**Assignment**:
With the pictures left out, reproduce exactly the lines from the one containing "When thinking of" through the final line of the entries.

**Extracted material**:
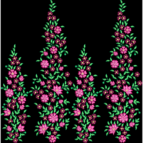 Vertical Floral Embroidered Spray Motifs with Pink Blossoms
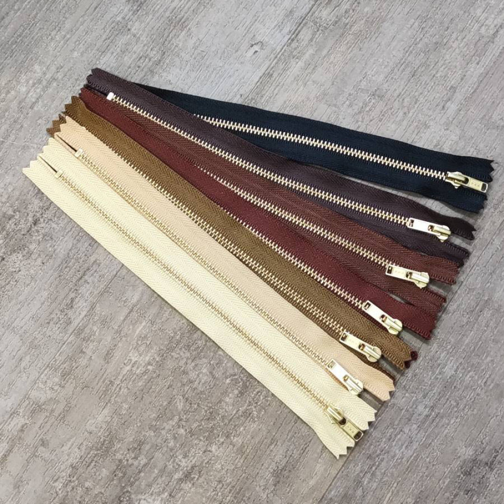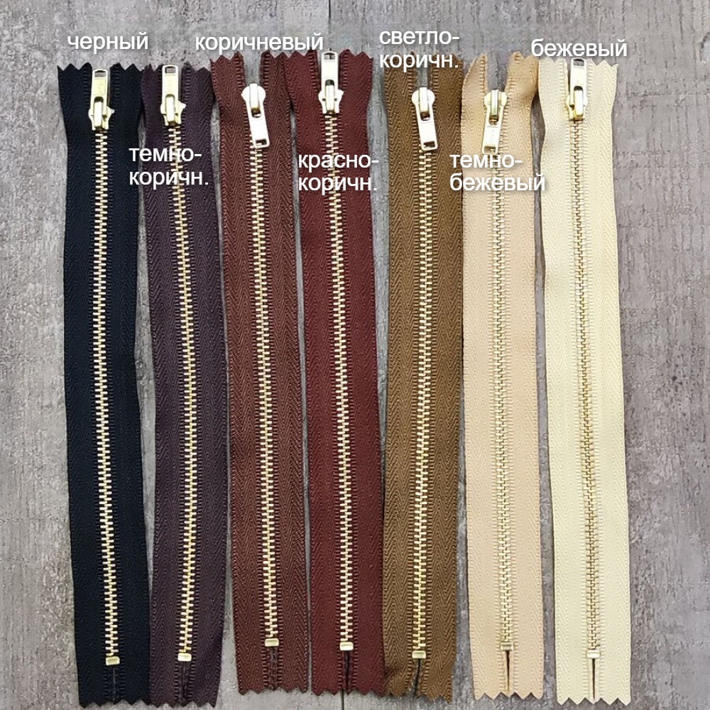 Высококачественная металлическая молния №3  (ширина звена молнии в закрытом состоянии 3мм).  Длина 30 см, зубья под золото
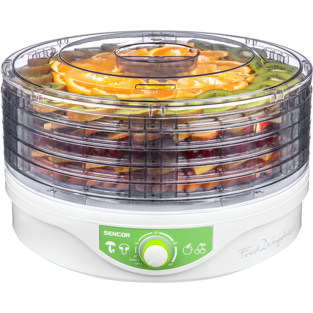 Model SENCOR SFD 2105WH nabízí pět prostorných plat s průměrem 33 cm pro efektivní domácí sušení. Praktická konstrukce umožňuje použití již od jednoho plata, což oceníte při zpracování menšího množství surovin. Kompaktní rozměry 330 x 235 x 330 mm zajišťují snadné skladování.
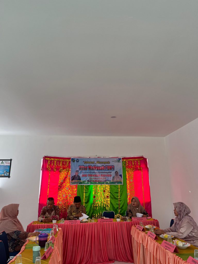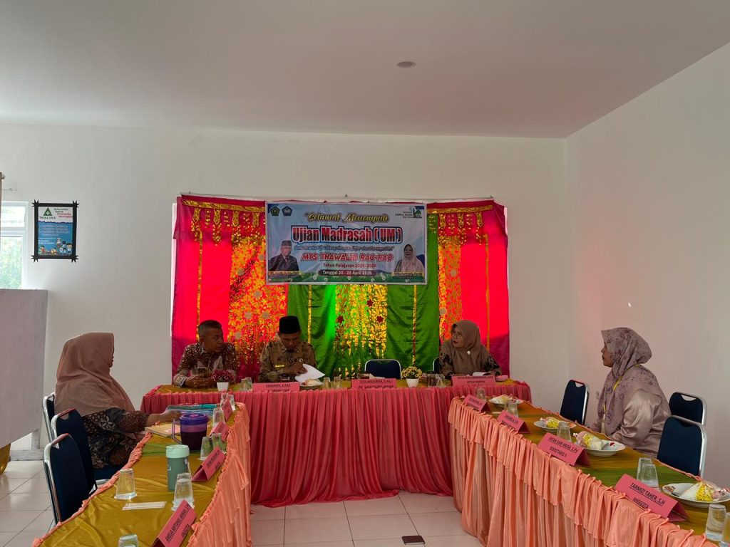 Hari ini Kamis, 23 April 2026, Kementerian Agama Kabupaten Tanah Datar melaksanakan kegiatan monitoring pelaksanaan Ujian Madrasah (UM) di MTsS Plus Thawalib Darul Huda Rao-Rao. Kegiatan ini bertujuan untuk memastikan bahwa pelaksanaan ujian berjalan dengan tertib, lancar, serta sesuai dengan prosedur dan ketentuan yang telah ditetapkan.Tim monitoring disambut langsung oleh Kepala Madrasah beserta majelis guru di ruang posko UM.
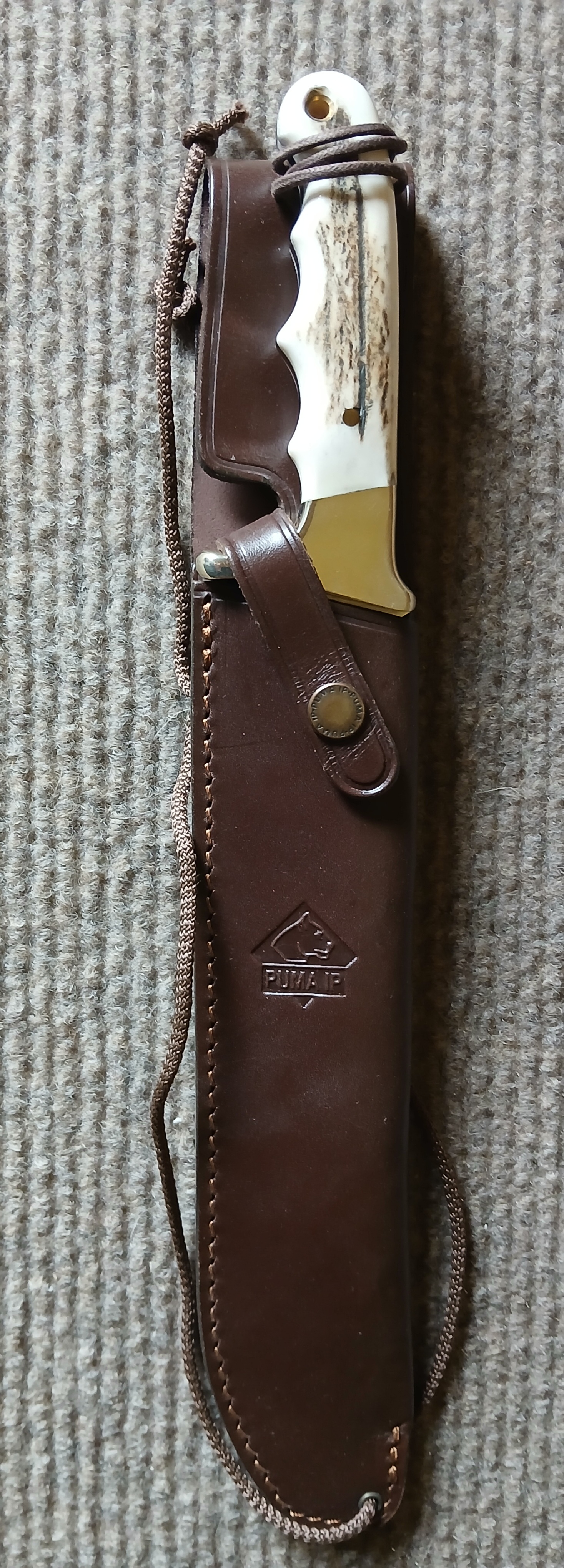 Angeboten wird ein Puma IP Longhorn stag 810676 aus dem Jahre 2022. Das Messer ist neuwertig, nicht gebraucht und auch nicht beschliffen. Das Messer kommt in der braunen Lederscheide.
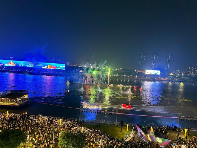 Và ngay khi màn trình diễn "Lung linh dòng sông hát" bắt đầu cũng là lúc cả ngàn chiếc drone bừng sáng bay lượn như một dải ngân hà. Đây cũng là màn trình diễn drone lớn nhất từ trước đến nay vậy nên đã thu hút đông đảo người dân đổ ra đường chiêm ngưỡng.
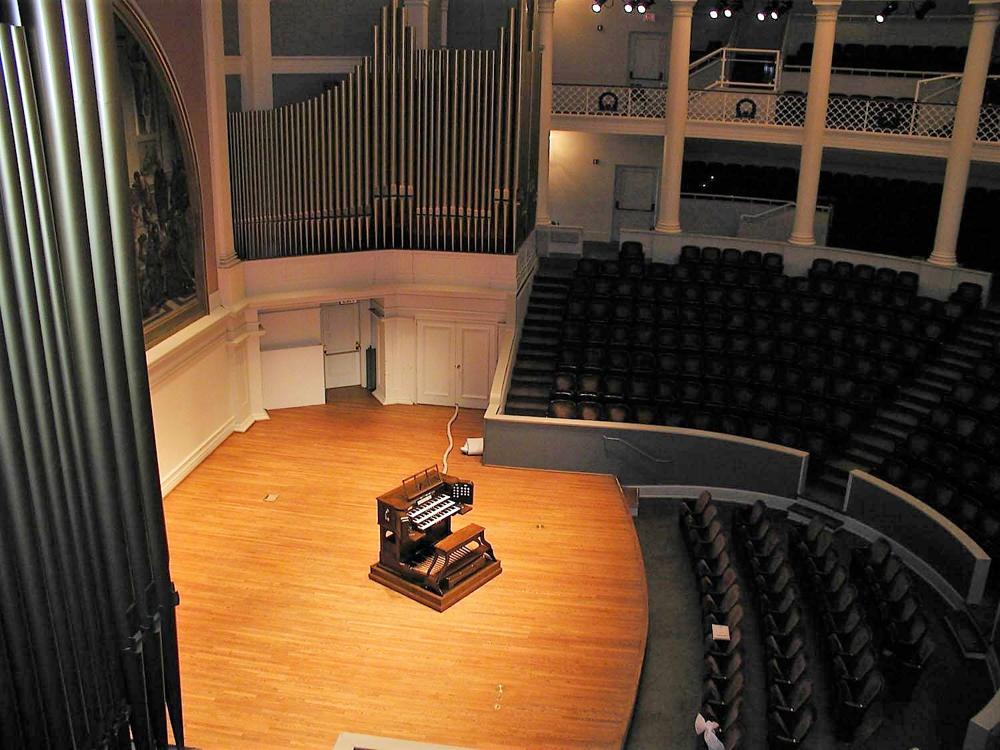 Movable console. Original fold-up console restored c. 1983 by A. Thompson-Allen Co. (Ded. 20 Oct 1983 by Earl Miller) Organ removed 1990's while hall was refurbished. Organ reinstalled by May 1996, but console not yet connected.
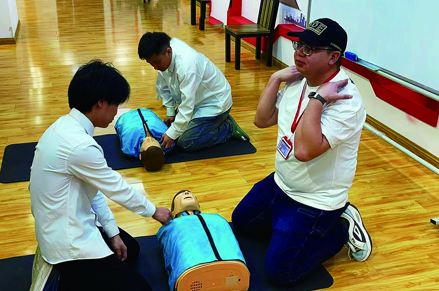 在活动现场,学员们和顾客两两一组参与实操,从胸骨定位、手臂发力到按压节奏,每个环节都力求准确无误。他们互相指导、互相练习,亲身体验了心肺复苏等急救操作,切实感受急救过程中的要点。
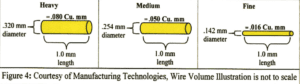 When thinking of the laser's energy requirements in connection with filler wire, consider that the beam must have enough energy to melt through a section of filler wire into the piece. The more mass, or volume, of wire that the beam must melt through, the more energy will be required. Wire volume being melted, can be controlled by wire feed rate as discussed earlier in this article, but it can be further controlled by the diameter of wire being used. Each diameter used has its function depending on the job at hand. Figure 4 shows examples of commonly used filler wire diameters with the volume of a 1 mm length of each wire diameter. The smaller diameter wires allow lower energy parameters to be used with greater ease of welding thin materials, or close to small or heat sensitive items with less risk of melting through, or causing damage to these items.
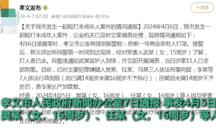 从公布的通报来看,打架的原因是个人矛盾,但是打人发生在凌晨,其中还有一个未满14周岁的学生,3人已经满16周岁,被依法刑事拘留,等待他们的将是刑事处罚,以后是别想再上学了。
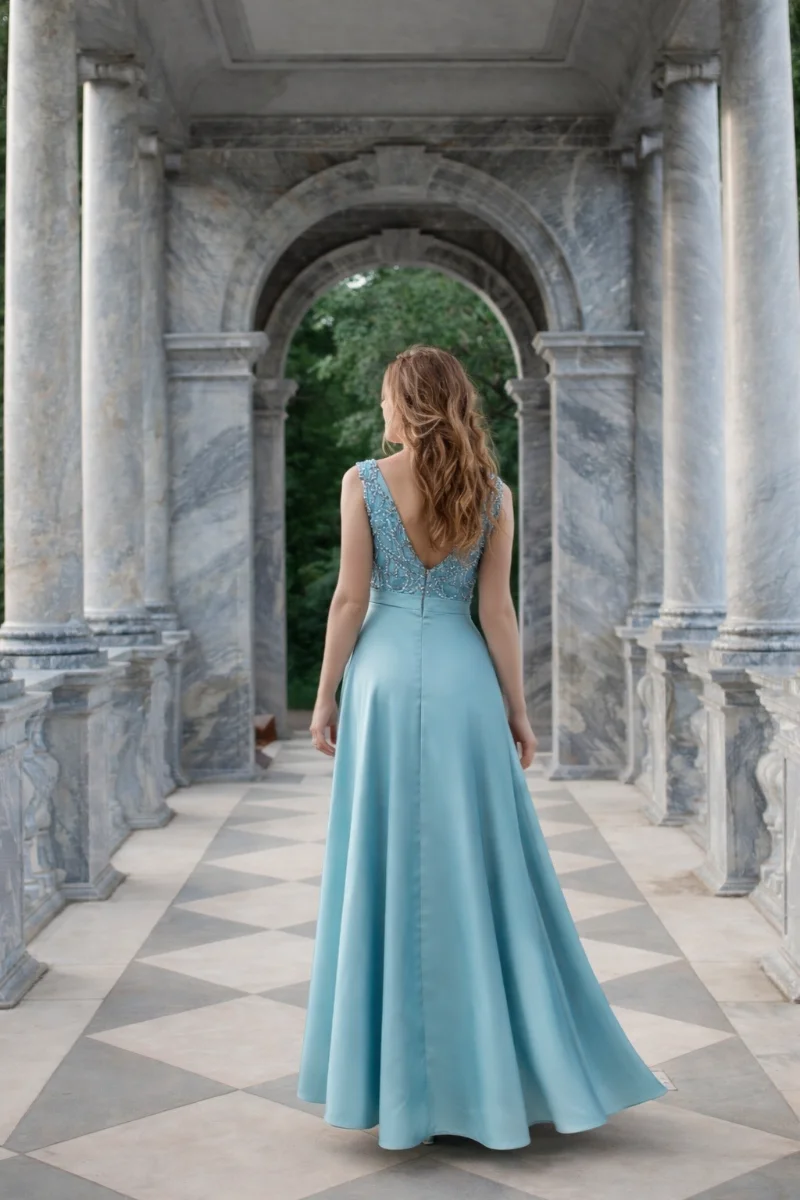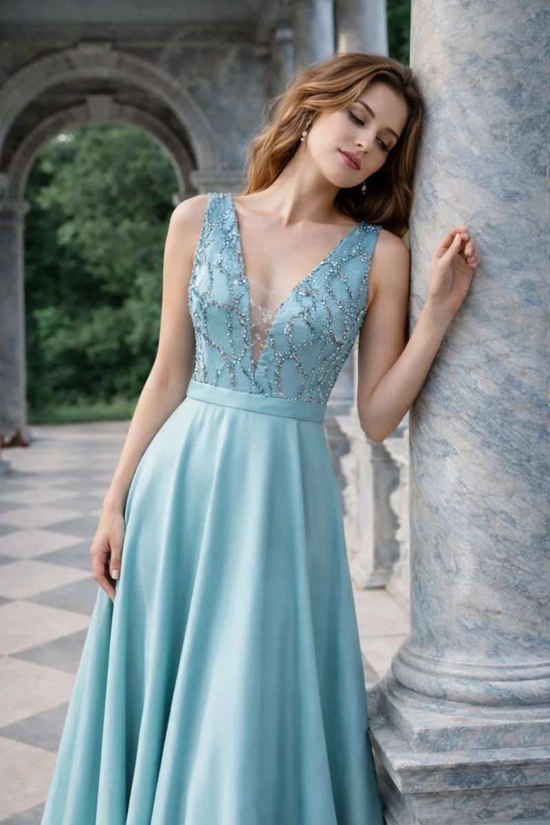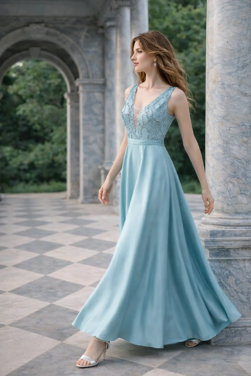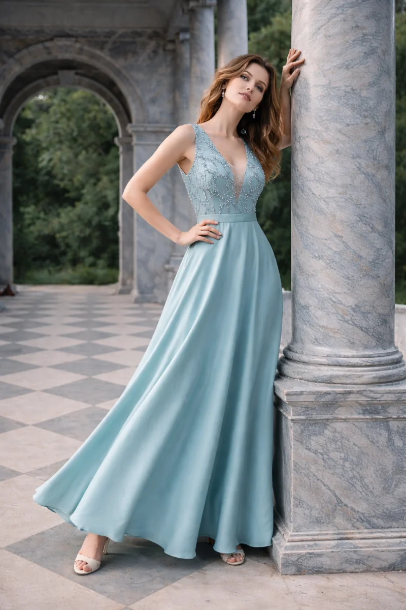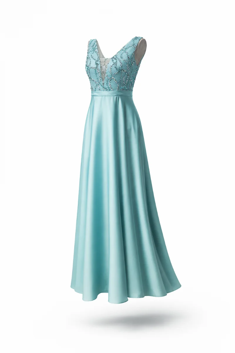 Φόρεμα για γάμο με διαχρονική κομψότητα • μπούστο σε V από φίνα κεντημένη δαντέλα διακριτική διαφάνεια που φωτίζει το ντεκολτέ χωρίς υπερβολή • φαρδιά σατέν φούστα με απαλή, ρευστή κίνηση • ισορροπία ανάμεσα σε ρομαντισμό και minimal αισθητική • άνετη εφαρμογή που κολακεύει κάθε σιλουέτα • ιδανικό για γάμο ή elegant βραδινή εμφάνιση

**Response to this exercise**:
 When thinking of the laser's energy requirements in connection with filler wire, consider that the beam must have enough energy to melt through a section of filler wire into the piece. The more mass, or volume, of wire that the beam must melt through, the more energy will be required. Wire volume being melted, can be controlled by wire feed rate as discussed earlier in this article, but it can be further controlled by the diameter of wire being used. Each diameter used has its function depending on the job at hand. Figure 4 shows examples of commonly used filler wire diameters with the volume of a 1 mm length of each wire diameter. The smaller diameter wires allow lower energy parameters to be used with greater ease of welding thin materials, or close to small or heat sensitive items with less risk of melting through, or causing damage to these items.
 从公布的通报来看,打架的原因是个人矛盾,但是打人发生在凌晨,其中还有一个未满14周岁的学生,3人已经满16周岁,被依法刑事拘留,等待他们的将是刑事处罚,以后是别想再上学了。
 Φόρεμα για γάμο με διαχρονική κομψότητα • μπούστο σε V από φίνα κεντημένη δαντέλα διακριτική διαφάνεια που φωτίζει το ντεκολτέ χωρίς υπερβολή • φαρδιά σατέν φούστα με απαλή, ρευστή κίνηση • ισορροπία ανάμεσα σε ρομαντισμό και minimal αισθητική • άνετη εφαρμογή που κολακεύει κάθε σιλουέτα • ιδανικό για γάμο ή elegant βραδινή εμφάνιση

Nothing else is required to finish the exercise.